• Mary Anderson

The Inner Journey

Mary Anderson, 64, is attempting to complete her solo thru-hike of the 3,100-mile Continental Divide Trail. Since setting out from South Pass, Wyoming, in late May, she has struggled to keep going with a knee injury. Korongo is editing Mary's book about hiking the CDT, a story that grapples with dissociation and other coping mechanisms resulting from trauma.

View from the CDT in southern Wyoming. "This is considered a nice picnic spot out here."

I've known for a long time that one of the great values of an arduous thru-hike is the inner journey. I love the memories of beauty I carry from all of my 10,000-plus miles of hiking. I revel in the strength it gives to my body. I treasure the people I've met along the way. And I know with absolute certainty that for better or worse I would not be the person I am today if I did not have all those miles under my feet.

I've always thought I was pretty good at taking care of myself on long hikes.

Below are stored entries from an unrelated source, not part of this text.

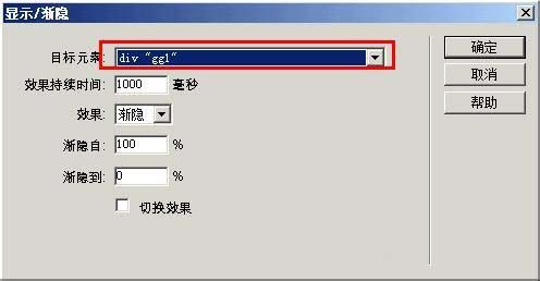 5、在打開的對話框中,將目標元素設置為gg1,效果是漸隱,點擊確定按鈕,這樣點擊圖中的x就能關閉廣告。
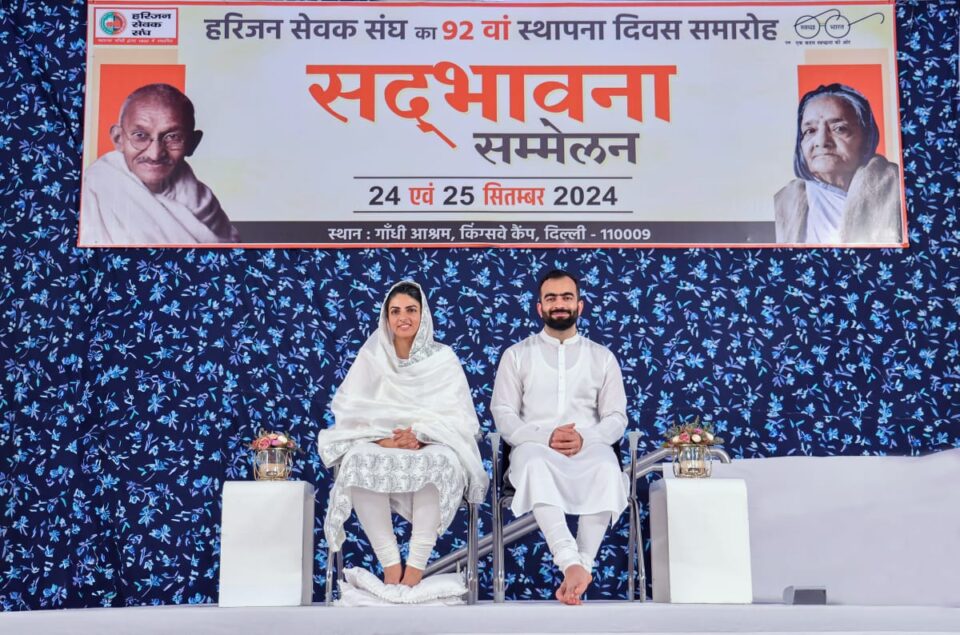 या प्रसंगी हरिजन सेवक संघाचे अध्यक्ष डॉक्टर शंकर कुमार सान्याल व उप-प्रधान श्री.नरेश यादव यांनी सतगुरु माताजी व निरंकारी राजपिता रमितजी यांचा वस्त्र-प्रावरण व सूती दुपट्टयाद्वारे स्वागत-सत्कार केला. देशाचे राष्ट्रपिता महात्मा गांधीजी यांनी स्थापन केलेल्या या ऐतिहासिक वारसा रूपी संस्थेच्या स्थापना दिवसाचे औचित्य साधून चरख्याचे लघु स्मृति चिन्ह देखील या सेवक संघाच्या वतीने सद्गुरु माताजींना समर्पित करण्यात आले.
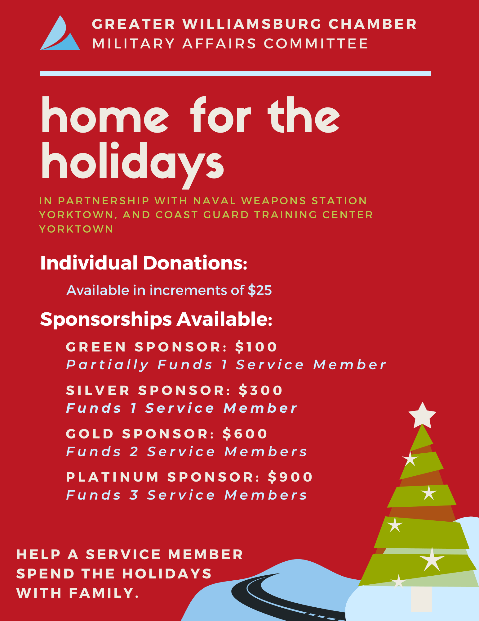 The Greater Williamsburg Chamber of Commerce's Military Affairs Committee is proud to present Home for the Holidays. In partnership with the Naval Weapons Station Yorktown, Marine Corps Security Force Regiment, and Coast Guard Training Center Yorktown.
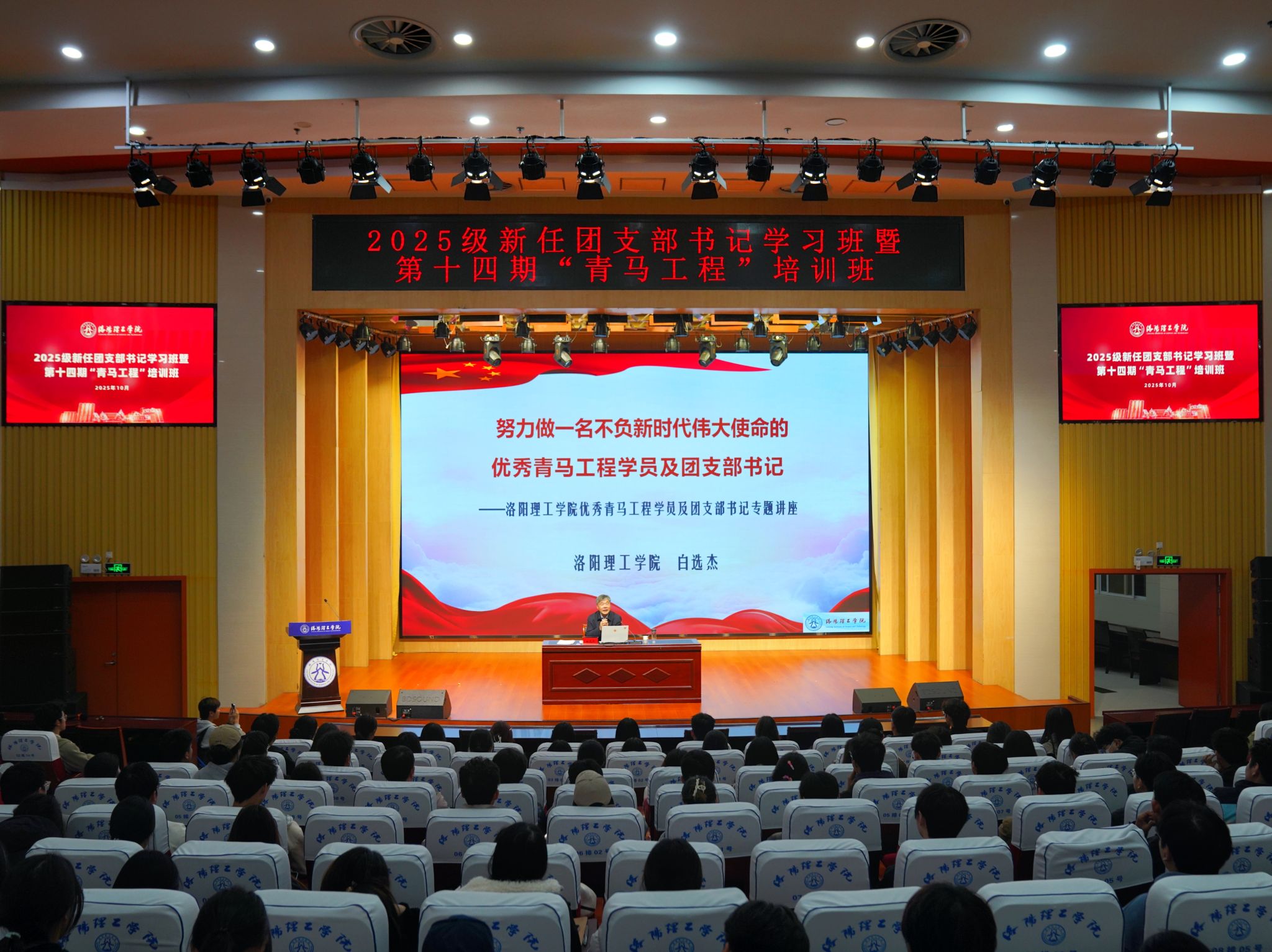 10月21日,校团委邀请校形势政策宣讲团成员白选杰教授,在校王城校区图书信息中心报告厅面向2025新任团支书及第十四期“青马工程”学员近400名学生进行了政治理论授课。

I never wanted to be one of "those" people who make "stupid" mistakes on the trail. Now I have to face the fact that I knew I started this hike a bit out of shape. I sat too much last winter writing my last book. My hamstrings tightened up and I strained my knee. By pushing past too much pain I injured it. I'm having to recognize I am no different from other hikers who get stress fractures or other injuries from what look like stupid mistakes on the trail. This is humbling, and for that lesson I am grateful. It will help me be less judgmental.

If for some reason I don't achieve my goal this year I will have to face yet more inner demons. I am not used to failing at what I set out to accomplish. It is scary to me to even think of quitting.

For now, I am trying to focus on healing the knee and dealing with the inner, emotional healing that goes along with that. I'm working on being here now, even if it means feeling confused, lonely, depressed and in pain. I'm trying to remember all the love I do have in my life. I'm trying to trust in the miraculousness of nature to help me find what I need and move forward in my inner journey. I'm trying to remember how lucky I am to be here in this beautiful wilderness and to have people supporting me. I'm not happy about the place I am in now, but I am determined to make the most of this @#$* personal-growth opportunity.

A "trail angel" who met Mary last year and popped up again last week.